Here’s how I’ve gone about being more mindful of my own passport privilege and what I recommend:
Recognize it
Being more mindful about your own passport privilege starts with recognizing that you have it. If you’re from a developed country like me, you’re probably able to book last-minute flights, get better deals when travelling, and benefit from being treated better in certain places based solely on your nationality.
With all of this in mind, I’d think twice about talking about the number of countries you’ve travelled to or the great prices you’ve landed when planning your travels, when your international counterparts possibly had to wait six months or more just to get a rejection on their pricey visa application. (Or never even leave their home country at all…)
Be compassionate when travelling in mixed-nationality groups
I’ve learned from travelling with my partner that an easy, last-minute trip for me could require months of planning for him. We don’t travel to countries where he’d require a visa (which is a bummer given that Istanbul is an hour flight away from so many cool destinations).
Instead, we focus on hitting countries that we can both visit visa-free, like Macedonia and Albania. We’re also planning trips to South America and certain Asian countries.
The key is to be patient and compassionate. Sometimes it’ll take a little longer to decide on a destination. It might also take longer to save up and go (particularly if it’s bigger trips like the ones we’ve planned on different continents).

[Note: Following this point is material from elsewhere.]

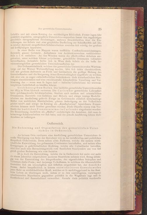 An keinem Orte verdiente eine Ausftellung gewerblichen Unterrichtes fo ernfte Würdigung von Seite der Bewohner wie in der induftriellen und politifchen Hauptftadt Oefterreichs. Denn neben allen Factoren, welche die neuere wirthfchaftliche Entwicklung des gefammten Continentes beeinfluffen, und neben allen Erwägungen in gefellfchaftlicher Richtung, welche alle Culturländer betreffen, wird hier auch eine Betrachtungsweife vom ftaatlichen Standpunkte aus von faft gleich grofser Bedeutung wie vom focialen.

The Venn diagram of visa-free and budget-friendly gets a bit smaller when travelling with mixed-nationality groups, but honestly, it has resulted in me travelling to countries I might not have immediately pegged as must-visit destinations. This experience has opened my eyes in more than one way.
Don't minimize it
I’ve teased my boyfriend a lot about having a stronger passport than him—but I don’t do it anymore. I’ve seen how crossing the border is a different experience for him and me. I’ve heard his stories about being rejected for a U.K. visa while living in France just because he was a single, twenty-something male. (Lacking the roots and responsibility of family back home, men in this category around the world are often denied as officials peg them as more likely to overstay illegally.)
My little jokes about how easy it is for me to travel, or pulling out the annoying line, “If he wanted to, he would,” whenever I wanted to take a trip that required a visa, felt trivial to me at the time. But now, I can clearly see how much his nationality has affected his global mobility and I’ve stopped minimizing it (and apologized a hundred times, to be clear!).
Educate yourself
The passport ranking system is, more or less, a form of bureaucratic discrimination. Wealthier and more geopolitically stable countries tend to have stronger passports, but things like diplomatic relations, migration trends, and even physical location can determine how freely a nation’s citizens can travel.

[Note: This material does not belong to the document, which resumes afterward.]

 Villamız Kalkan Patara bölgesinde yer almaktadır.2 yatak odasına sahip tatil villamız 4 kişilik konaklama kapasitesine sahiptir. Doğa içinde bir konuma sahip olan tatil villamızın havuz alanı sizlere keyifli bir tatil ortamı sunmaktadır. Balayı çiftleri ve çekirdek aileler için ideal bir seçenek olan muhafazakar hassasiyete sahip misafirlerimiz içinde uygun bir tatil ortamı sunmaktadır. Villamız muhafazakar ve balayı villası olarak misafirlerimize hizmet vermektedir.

Learning about the history of passport ranking and how systemic inequality and stereotypes can affect travellers, migrants, and refugees will help you to better understand the unfairness that certain individuals face when it comes to global opportunities and movement. This puts travel into context and will help you be more mindful of your own passport privilege, place in the world, and roles in minimizing harm especially as you move freely from one country to the next.